**REQUIREMENT:** Ignore the pictures in the data below and set down exactly the lines from its first line through the line containing "Join Family Paths'".

**DATA PROVIDED:**
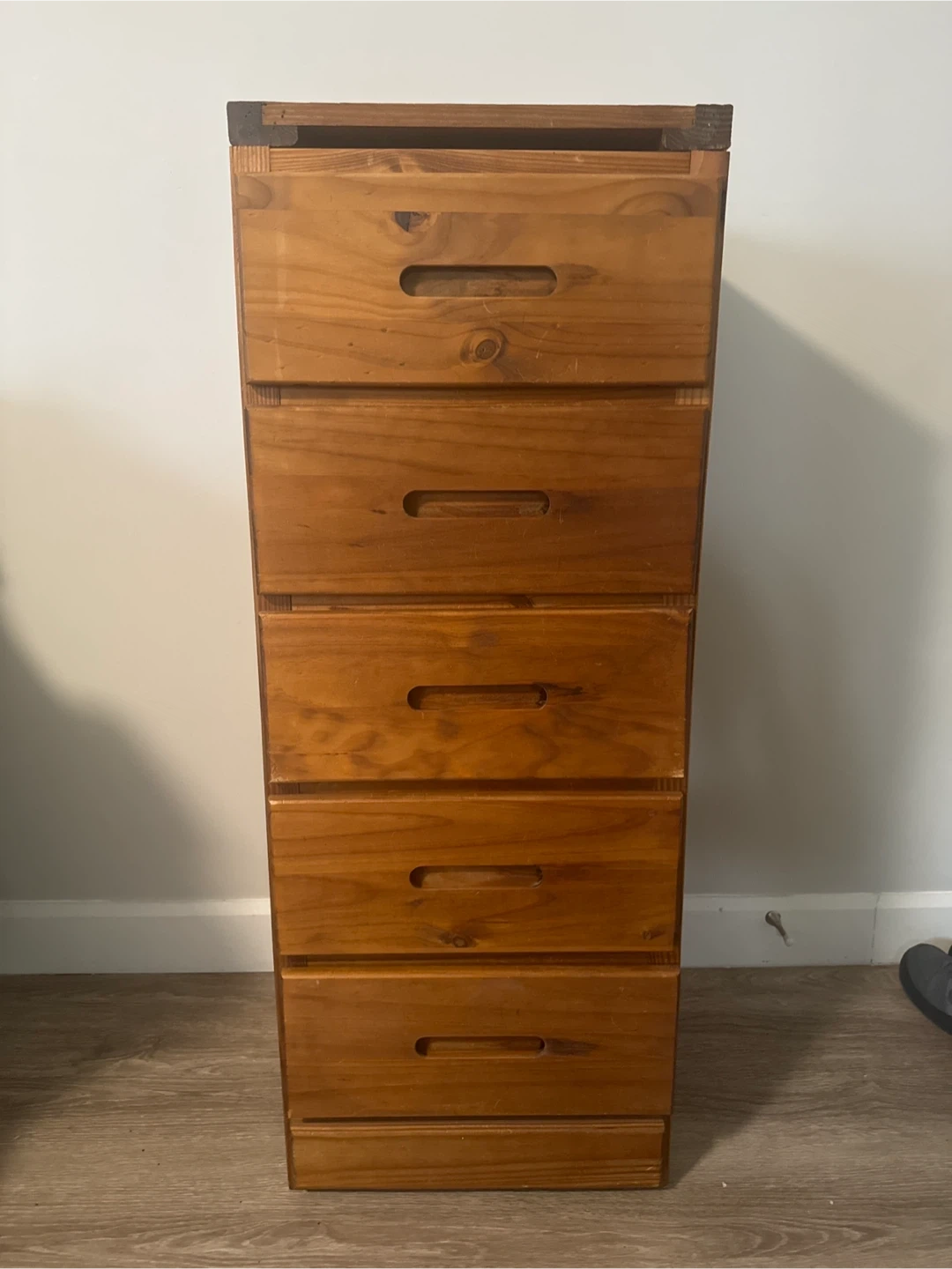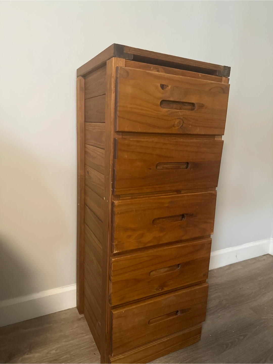 This is a solid wood chest with five drawers. It's made of pine and has a warm, natural finish. Perfect for storing clothes or other household items!
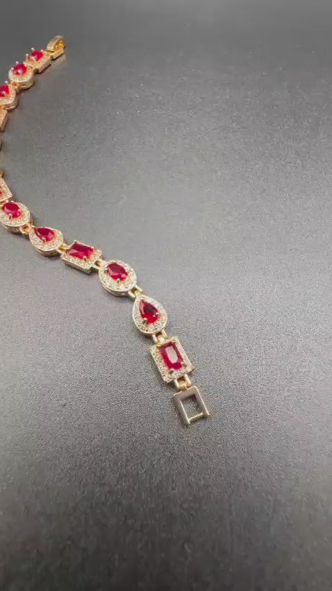 Stunning ruby stones Durable golden base finish Ideal for parties, weddings & gifting Length 7.5 inches
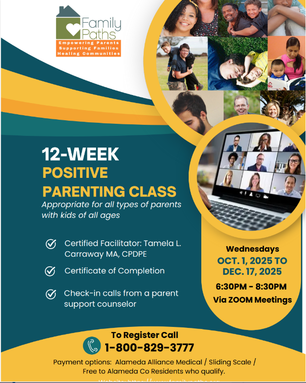 Join Family Paths' virtual Positive Parenting classes for parents and caregivers, offered in English and Spanish. Over 6, 10, or 12 weeks, you’ll learn tips on child development, effective communication, positive guidance, and strategies for managing stress and building strong family relationships. Classes run Wednesdays, Oct 1 – Dec 17, 2025, from 6:30–8:30 PM on Zoom. Call 1-800-829-3777 to enroll.
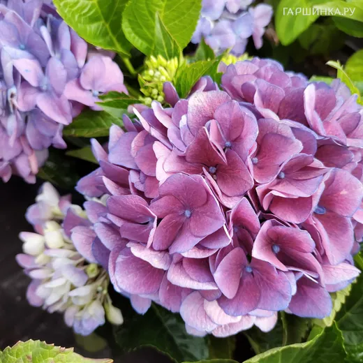 Гортензия Амор крупнолистная (макрофила) - Компактный, густой листопадный кустарник высотой около 100 см с крупнозубчатой темно-зеленой листвой. Округлые грозди цветочных головок от темно-синего до фиолетового цвета появляются с июня по сентябрь.
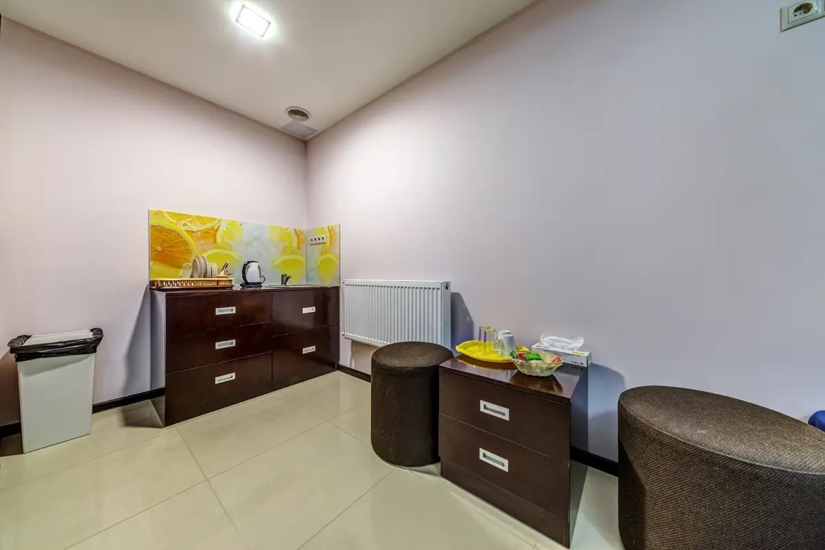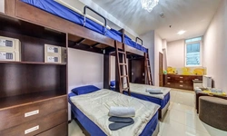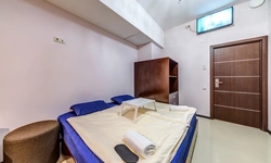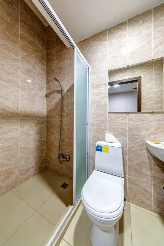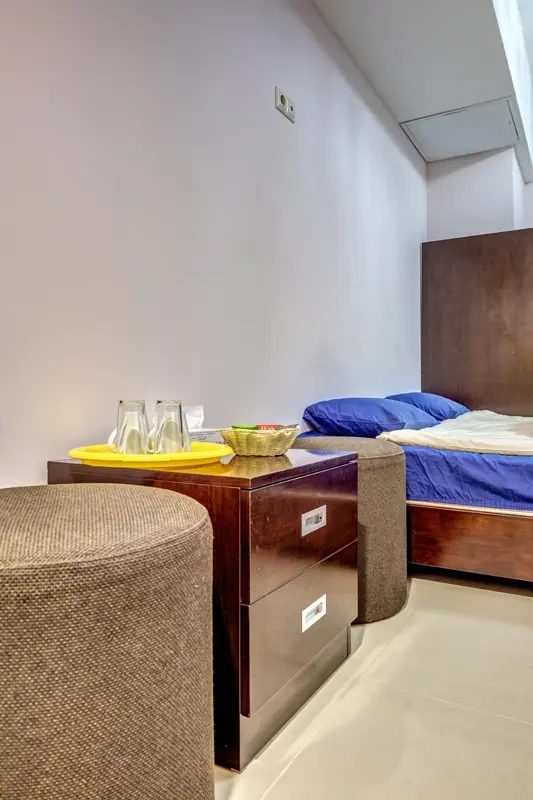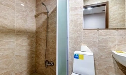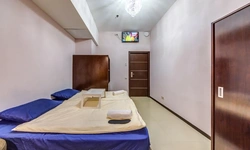 В номере царапанная мебель, один ящик был сломан. Плитка на полу со сколами. Из стены вынулась розетка. Ни одного стула в комнате, вместо стола - тумбочка. Чайник перестал работать на третий день нашего пребывания. В санузле крючок только в самой душевой. Куда девать одежду, непонятно. Диспенсер для мыла плохо работал. Туалетная бумага самого низкого качества.
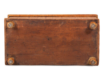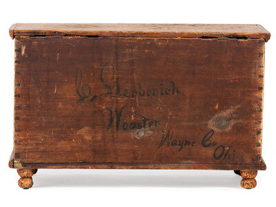 This chest likely belonged to a Caroline Gerberich (1842-1923) of Smithville, Ohio. Gerberich was born in Lebanon County, Pennsylvania and moved west to Ohio with her family in 1871.
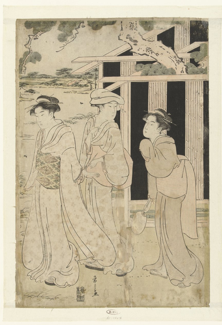 Drei Frauen, die am See spazieren gehen(Drie vrouwen wandelend bij meer)Hosoda Eishi(print maker) |

**THE COMPLETED TASK:**
 This is a solid wood chest with five drawers. It's made of pine and has a warm, natural finish. Perfect for storing clothes or other household items!
 Stunning ruby stones Durable golden base finish Ideal for parties, weddings & gifting Length 7.5 inches
 Join Family Paths' virtual Positive Parenting classes for parents and caregivers, offered in English and Spanish. Over 6, 10, or 12 weeks, you’ll learn tips on child development, effective communication, positive guidance, and strategies for managing stress and building strong family relationships. Classes run Wednesdays, Oct 1 – Dec 17, 2025, from 6:30–8:30 PM on Zoom. Call 1-800-829-3777 to enroll.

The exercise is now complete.